◆ Directions
Copy out and return the lines from the one holding "Geometric Earrings: Elevate" to the end of the listing below, both included, omitting the pictures.

[Opening Supplied data section]

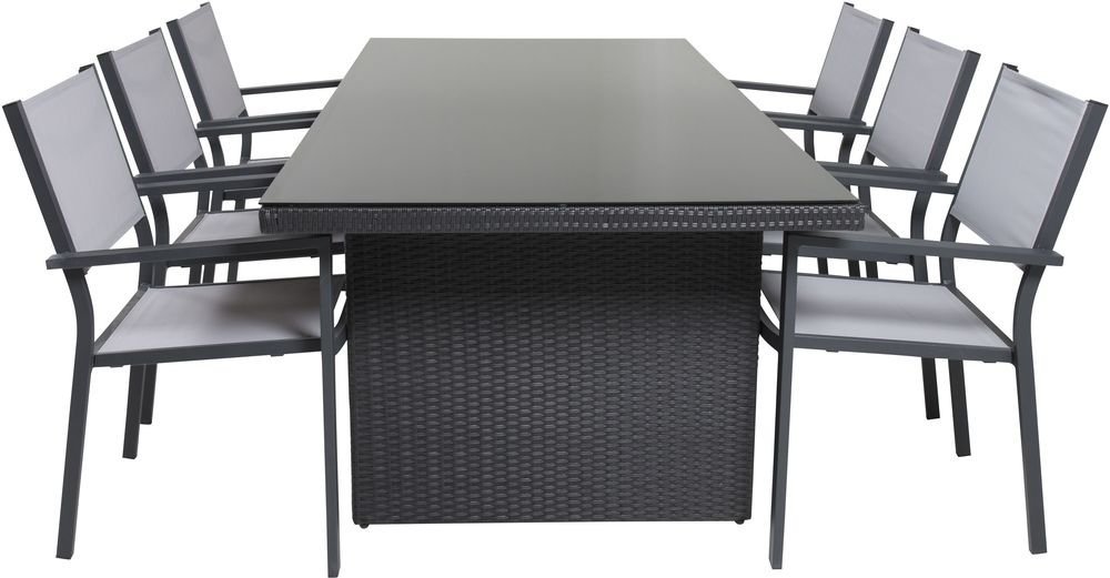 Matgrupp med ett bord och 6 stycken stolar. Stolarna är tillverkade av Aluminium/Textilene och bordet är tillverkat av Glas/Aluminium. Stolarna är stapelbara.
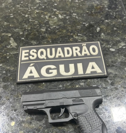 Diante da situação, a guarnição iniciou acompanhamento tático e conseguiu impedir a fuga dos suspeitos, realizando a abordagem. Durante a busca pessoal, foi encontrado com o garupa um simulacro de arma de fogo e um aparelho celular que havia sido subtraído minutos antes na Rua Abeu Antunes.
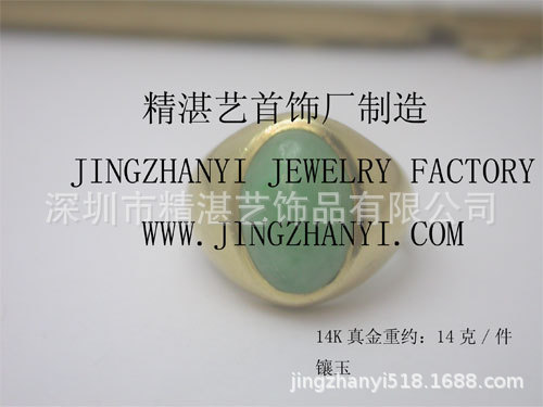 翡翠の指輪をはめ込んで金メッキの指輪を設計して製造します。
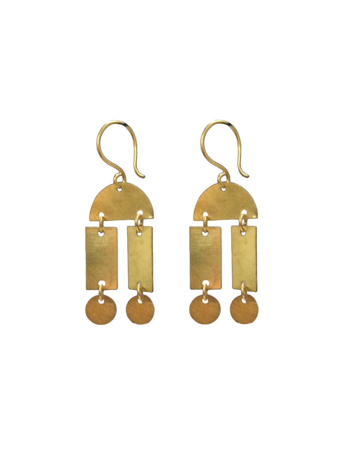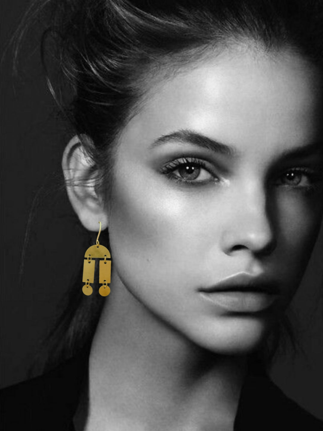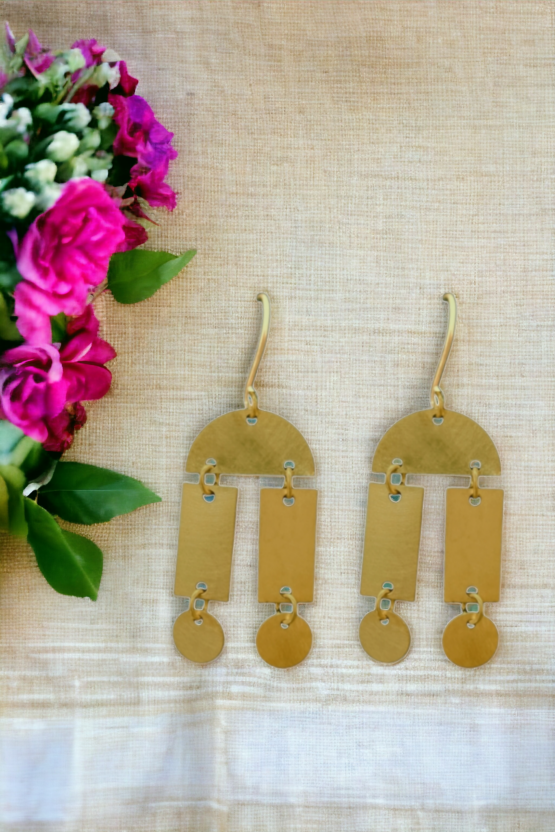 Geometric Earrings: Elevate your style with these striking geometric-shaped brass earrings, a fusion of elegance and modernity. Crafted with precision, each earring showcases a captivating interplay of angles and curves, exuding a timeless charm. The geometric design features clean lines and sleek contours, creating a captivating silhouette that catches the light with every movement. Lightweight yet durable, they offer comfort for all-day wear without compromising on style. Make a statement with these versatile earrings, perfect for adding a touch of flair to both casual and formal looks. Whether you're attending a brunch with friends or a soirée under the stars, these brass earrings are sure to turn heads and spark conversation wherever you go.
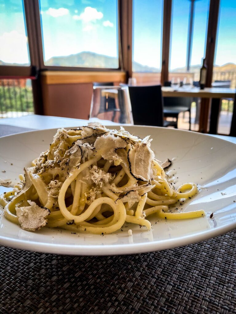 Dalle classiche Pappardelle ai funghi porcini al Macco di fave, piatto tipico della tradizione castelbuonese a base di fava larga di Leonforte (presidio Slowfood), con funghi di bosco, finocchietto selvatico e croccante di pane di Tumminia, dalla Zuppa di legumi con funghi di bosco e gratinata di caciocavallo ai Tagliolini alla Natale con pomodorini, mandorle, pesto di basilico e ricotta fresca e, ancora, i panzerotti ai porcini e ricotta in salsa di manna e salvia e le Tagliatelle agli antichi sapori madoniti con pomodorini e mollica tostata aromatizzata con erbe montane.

[Closing Supplied data section]

◆ Task answer
 Geometric Earrings: Elevate your style with these striking geometric-shaped brass earrings, a fusion of elegance and modernity. Crafted with precision, each earring showcases a captivating interplay of angles and curves, exuding a timeless charm. The geometric design features clean lines and sleek contours, creating a captivating silhouette that catches the light with every movement. Lightweight yet durable, they offer comfort for all-day wear without compromising on style. Make a statement with these versatile earrings, perfect for adding a touch of flair to both casual and formal looks. Whether you're attending a brunch with friends or a soirée under the stars, these brass earrings are sure to turn heads and spark conversation wherever you go.
 Dalle classiche Pappardelle ai funghi porcini al Macco di fave, piatto tipico della tradizione castelbuonese a base di fava larga di Leonforte (presidio Slowfood), con funghi di bosco, finocchietto selvatico e croccante di pane di Tumminia, dalla Zuppa di legumi con funghi di bosco e gratinata di caciocavallo ai Tagliolini alla Natale con pomodorini, mandorle, pesto di basilico e ricotta fresca e, ancora, i panzerotti ai porcini e ricotta in salsa di manna e salvia e le Tagliatelle agli antichi sapori madoniti con pomodorini e mollica tostata aromatizzata con erbe montane.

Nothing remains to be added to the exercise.